After the 2008 Election, in which we elected our first black President and marked the first election in over 40 years that a Democrat won the state of Indiana, members of the GOP shut down two early voting sites in Marion County and moved them to Hamilton County.
Marion County, which includes Indianapolis, is a Democratic stronghold, while Hamilton, which has the state’s highest median income, is a GOP stronghold. Despite Marion County having a population three times the size of Hamilton, it was left with only one early voting site to Hamilton’s three.
A difference of two voting sites doesn’t sound like a lot, but the results are staggering: Marion County saw a 26 percent decline in voting, while during the same period Hamilton saw a 63 percent increase. Refusing to acknowledge the obvious statistics, Indiana’s Secretary of State, the chief elections officer, recently went on record denying the correlation between voting access and voter turnout.
Not only have efforts been spearheaded in central Indiana to keep incumbents in power, but efforts here in Lake County have attracted controversy at the national level as well. Recently the Indiana State Legislature passed Senate Bill 220, a law that would consolidate 294 of the county’s 522 precincts, which are small voting districts.
The immediate result would be a commensurate closure of polling places, longer travel times, and longer wait times for citizens in the affected precincts. Forty-one percent of precincts in south Lake County and 78 percent of those in north Lake County are being targeted for consolidation.
In response, the National Association for the Advancement of Colored People (NAACP) filed a lawsuit alleging that the new law violates Section 2 of the Voting Rights Act as well as the First, Fourteenth, and Fifteenth Amendments to the Constitution.
Not only does the law place a punishing burden on our right to vote, but it also targets a single county, leaving alone approximately 1,345 precincts outside Lake County and across Indiana that contain fewer than 600 active voters. In 2014, the state tried to pass a similar bill, but it was overturned by a state court for unjustifiably targeting a single county, and it never made it into law.

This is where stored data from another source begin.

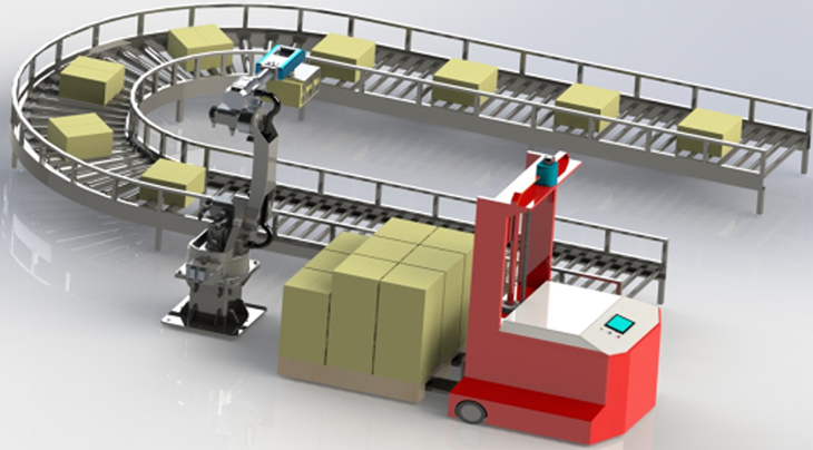碼垛機器人系統由機器人、來(lái)料流水線(xiàn)、托盤(pán)、AGV叉車(chē)、安全圍欄及電氣系統構成。產(chǎn)品通過(guò)來(lái)料流水線(xiàn)輸送至機器人工作站內,系統檢測到有產(chǎn)品進(jìn)入搬運區域,機器人自動(dòng)運行,將產(chǎn)品碼放在托盤(pán)上。碼盤(pán)完成AGV叉車(chē)將碼好的托盤(pán)叉至薄膜纏繞機進(jìn)型固定。碼垛機器人教學(xué)系統內部裝有碼垛軟件,自動(dòng)計算每個(gè)擺放的層數及位置,托盤(pán)擺滿(mǎn)后,托盤(pán)輸送線(xiàn)將托盤(pán)推出機器人系統,等待轉運。該系統最大可能的模擬實(shí)際生產(chǎn)時(shí),設備運行的方式及可能出現的狀況,對學(xué)生掌握機器人的操作及了解實(shí)際工廠(chǎng)的生產(chǎn)流程有極大的幫助。另外,根據具體要求,系統還可以增加視頻監控,根據工件種類(lèi)掃碼分類(lèi)等功能。
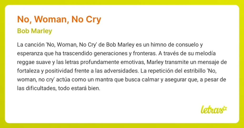 | ¿Cuál es el significado de No Woman No Cry ? | Es un mensaje de consuelo, esperanza y resiliencia ante la adversidad. |
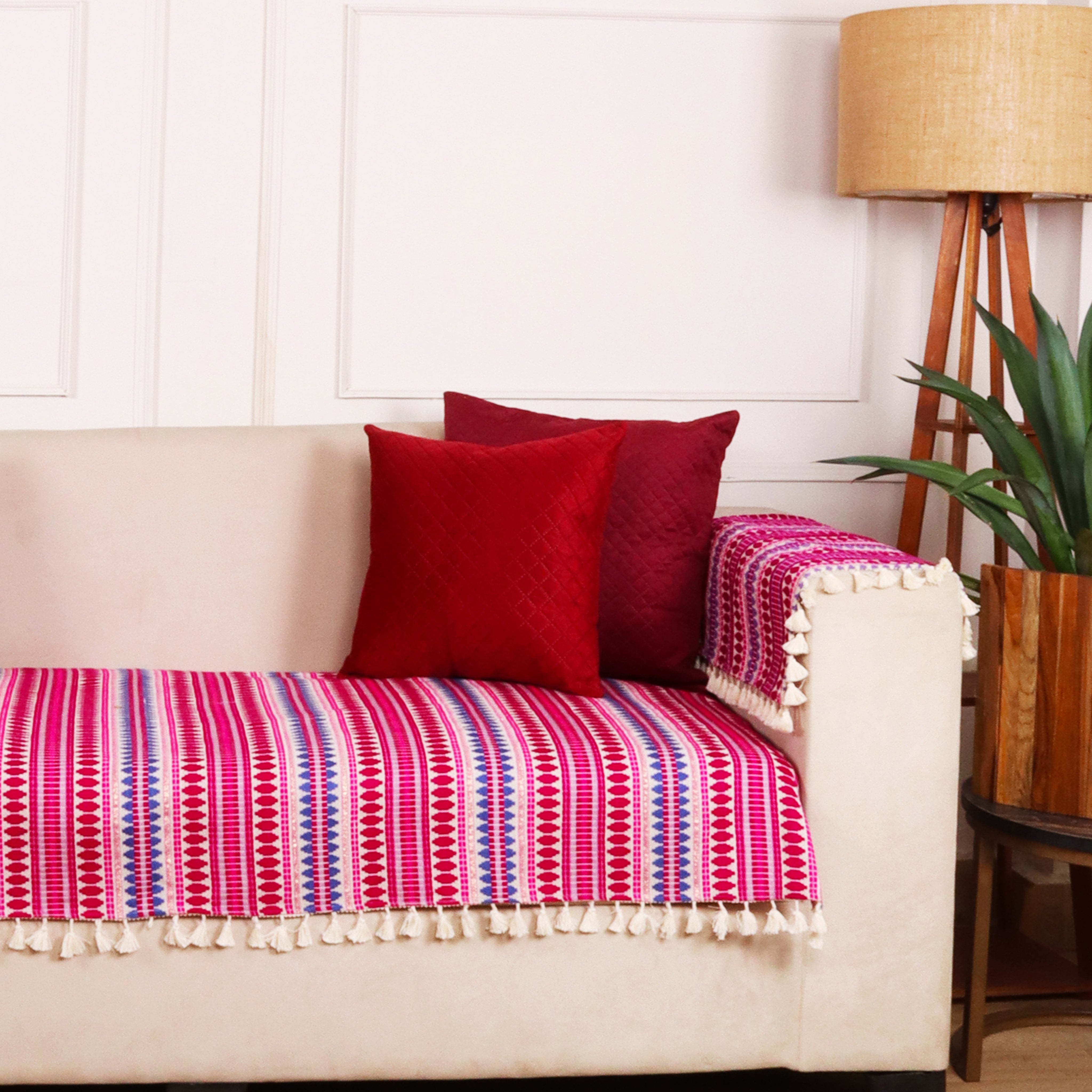 Woven Charm Maroon Sofa Cover & Table Runner Set
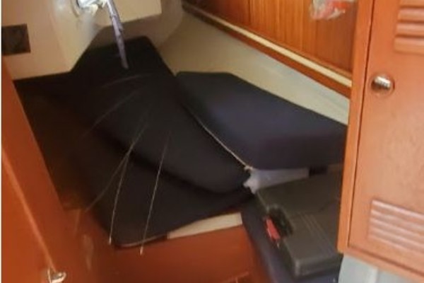 The forward stateroom has two 6'4" V berths with a filler cushion. There is a hinged cabin door that swings open to cover the hanging locker and shelf to starboard. On the port side of the cabin is a bulkhead-hung mirror, stainless steel vanity sink and counter, with hot and cold water. There is ample storage behind a teak tambour-door cabinet and an open shelf. Additional storage is found along hullside shelves, two lower cabinets with flipdown doors and two bins under the V-berth cushions.
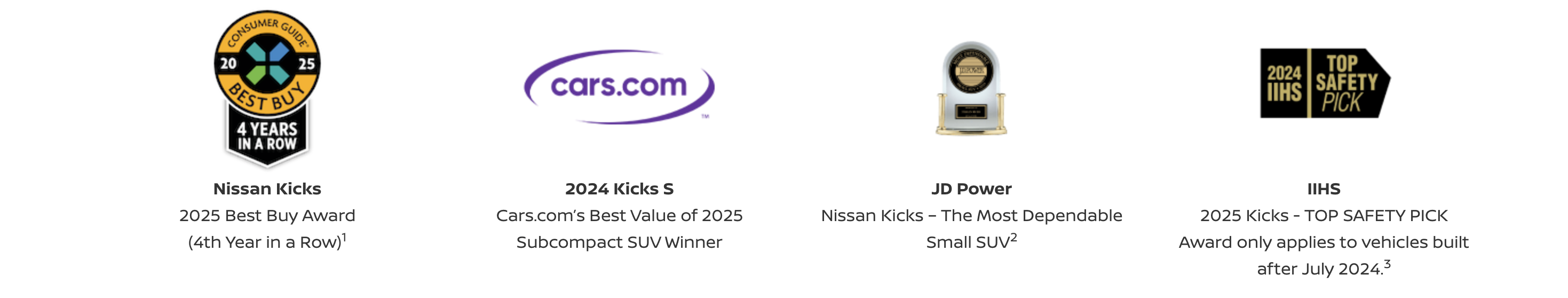 1. Price shown is Manufacturer's Suggested Retail Price (MSRP) for base model trim. Kicks SR AWD Premium with Premium Package and Paint w/ Two Tone shown priced higher at $30,310. MSRP excludes tax, title, license, options, and destination and handling charges. Dealer sets actual price. Some color, package, and option selections may include, exclude, or require the purchase of additional options and packages. Some options shown may not be available on all trims. See retailer for details.
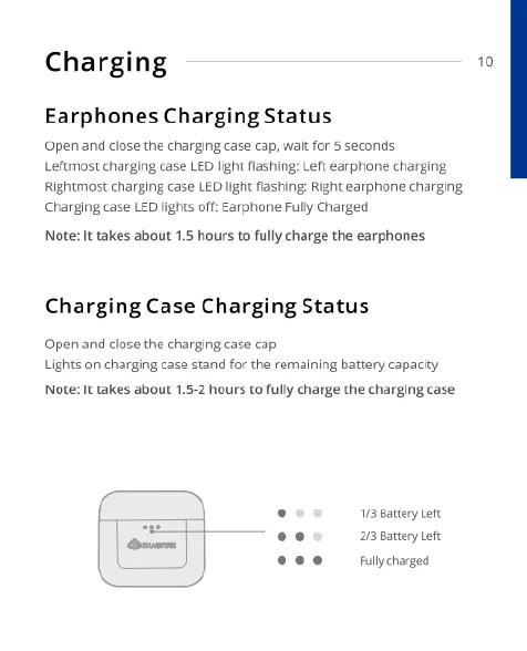 ENACFIRE F2 - Charging Instructions; Earphone Charging Status; Charging Case Status
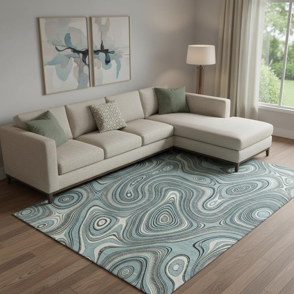 Add some artistry to your room with this 8-foot x 10-foot sky blue and ivory geometric washable area rug with uv protection. Ideal for spaces with kids and pets, this rug is stain resistant to help repel dirt and spilled liquids. Built to last, this rug crafted from polyester fibers is known for its durability and long lasting appeal. Rugs are a great way to showcase your style, hide imperfections, warm your home and reduce noise. This larger sized, transitional styled rug is ready to create a focal point or statement piece in your room. 96.00-inch h x 120.00-inch w x 0.39-inch d.
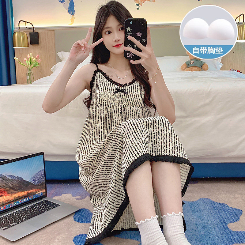 新款甜美条纹睡裙女薄款花边带胸垫睡衣吊带裙夏季韩版ims睡裙

Regardless of your political views, Lake County’s precinct consolidation law is an insult to us all. We deserve more representation in Indianapolis, not less. These targeted efforts to close polling places and make voting more difficult are part of a sinister vision to deprive thousands of Hoosier citizens their right to participate in our government.
It’s often cynics who say that one vote doesn’t make a difference, and that standing up to political powers isn’t something that can be changed by any ordinary person. In fact, some of our elected officials across Lake County have sponsored and even authored this incredibly damaging legislation.
There is bold-faced hypocrisy in a politician asking for something as sacred as your vote, then working tirelessly to take it away from you. We must demand more from our representation, and we must hold them accountable when they pass laws that are not only a severe burden, but also against the very ideals this country was founded on.